I appreciate you reaching out. I certainly intend to keep an eye on the library (as I do the others for DB access) but I don't think we're headed quite in the same direction. Often times our choices reduces widespread applicability to users which yours might be afforded, but the trade-offs will hopefully create something more refined albeit in a much narrower scope of use.

sbosley commented 9 years ago

Fair enough. I agree with you on a lot of points, particularly that hiding SQL is bad--our Query object is meant to be a 1:1 mapping to SQL and support the entire SQLite grammar; anything we discover that doesn't conform to that is considered to be an API bug. I'll have to check out jOOQ. And while we didn't go the way of immutable objects for various reasons, I do understand your point there as well.

Thanks for taking a look and for taking the time to write such a detailed response!

fourlastor commented 9 years ago

I just saw this and I agree with your points. I have a question tho:

What if Yahoo split the project in SqiDB and the query builder (which I suppose at some point generates SQL)? Would it make sense to embrace the Query object as a possible input for SqlBrite#createQuery and SqlBrite#query? That could solve #2 without hindering the vision of the project.
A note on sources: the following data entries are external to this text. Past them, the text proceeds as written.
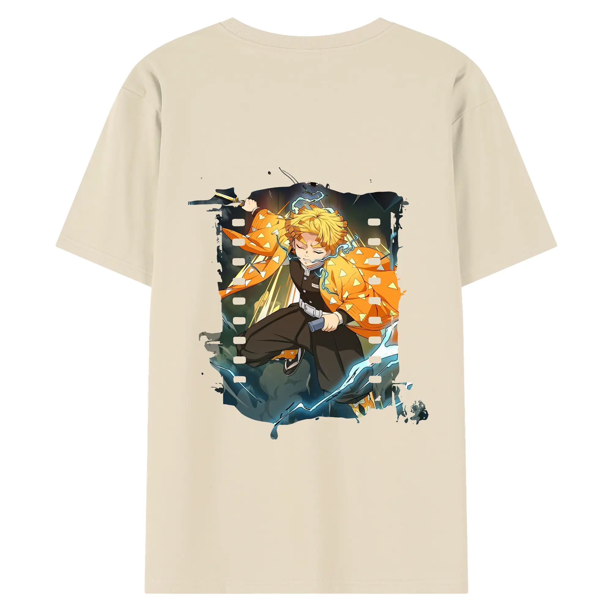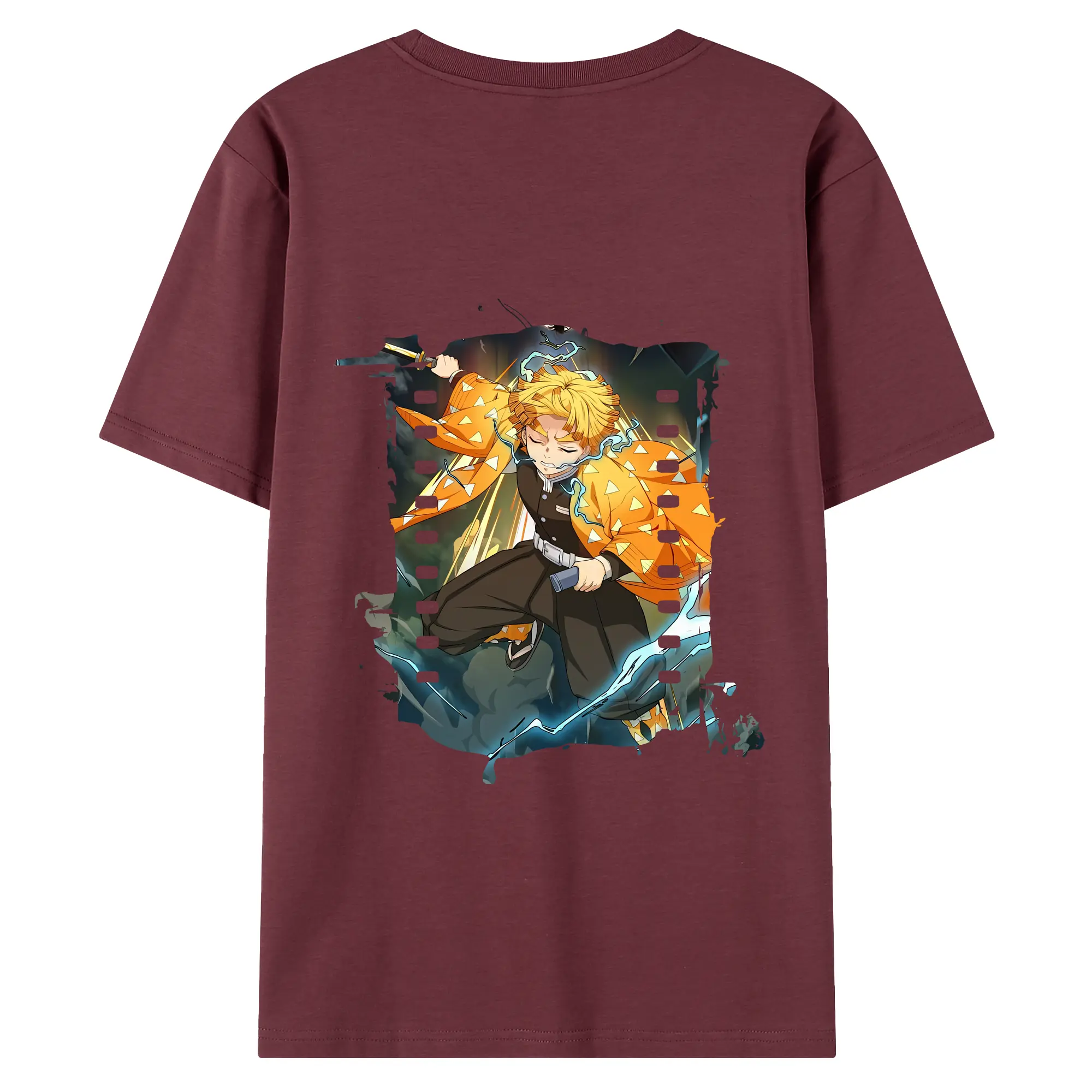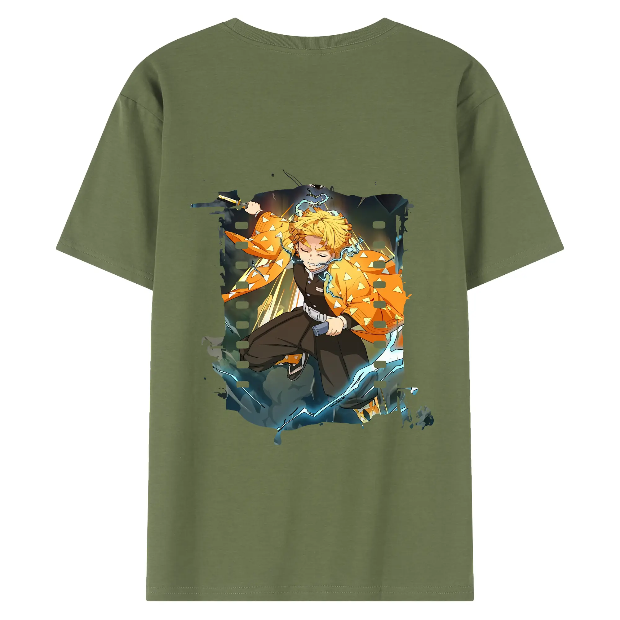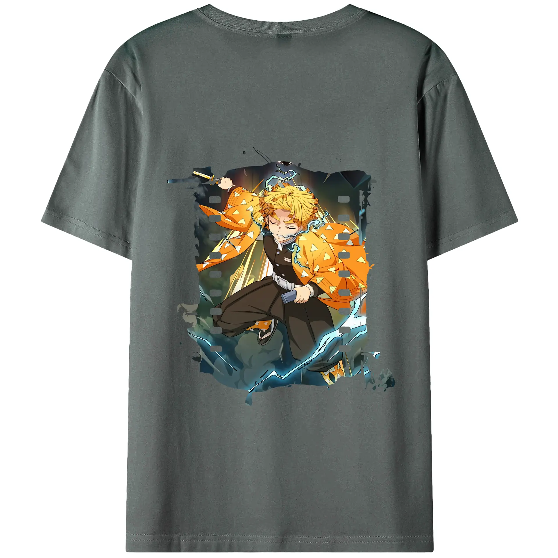 鬼滅の刃 グッズ,我妻 善逸 - 綿100% 半袖Tシャツ ・ フロントプリント ・ 快適 通気性 ・ 日常使い 散歩 スポーツ用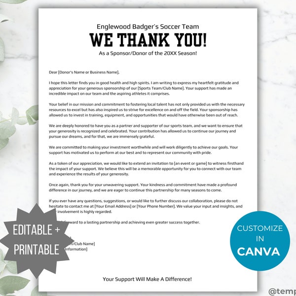 SPONSOR THANK YOU Letter Canva Template Event Sponsor Corporate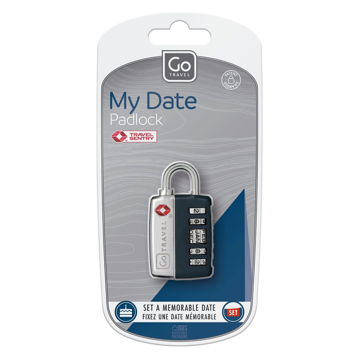 Praktisches Kofferschloss von Go Travel. Es nutzt fix das Datum als Code. Mit einer Kombination aus Zahlen und einem Monat, schützen Sie gekonnt Ihr Hab und gut auf Reisen, während es als TSA Schloss für behördliche Kontrollen zugänglich bleibt ohne Ihrem Gepäck zu schaden.
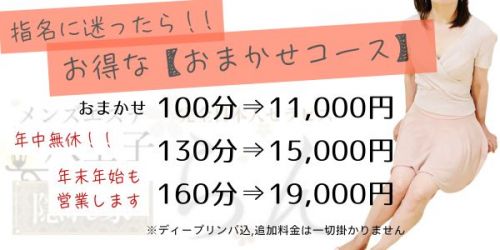 90分 10,000円 120分 14,000円 150分 18,000円 180分 21,000円 240分 28,000円 300分 35,000円 指名料 1,000円 ディープリンパ +10分 2000円 (9割以上のお客様にお選び頂けて大変おすすめです) 延長30分 5,000円 ■割引イベント 【新規割】ご新規様1,000円引き 【メルマガ割】メルマガの合言葉を頂くとリピーター様も割引 |

sbosley commented 9 years ago

Hi @fourlastor, thanks for the suggestion! I'm actually not sure that this would be a good direction for either project though. The main reason is that SquiDB's query builder is designed to work pretty closely with SquiDB model objects. While it's technically possible to use Query without model objects, the API is much less friendly. By way of example:

// SquiDB can't do this
query.where("my_table.foo = 'bar'");

// SquiDB works like this instead. 
// The api is harder to use when a model is not defined
query.where(MyModel.FOO.eq("bar"));

I don't think we want to split the SquiDB query builders into a separate project that doesn't rely on the model objects, and I don't think it would be good for SqlBrite to pull something that requires this model object requirement that's not part of their overall vision. That being said, I can see a couple options:

Hope that helps!

fourlastor commented 9 years ago

Thanks for answering!

I'm currently quite happy with SqlBrite, the only real issue I have is writing the query, which gets quite ugly especially with joins (and aliases, I learned to name fields prepending the table name :P).

I could give SquiDB Query a try as soon as I start working on some pet project tho :).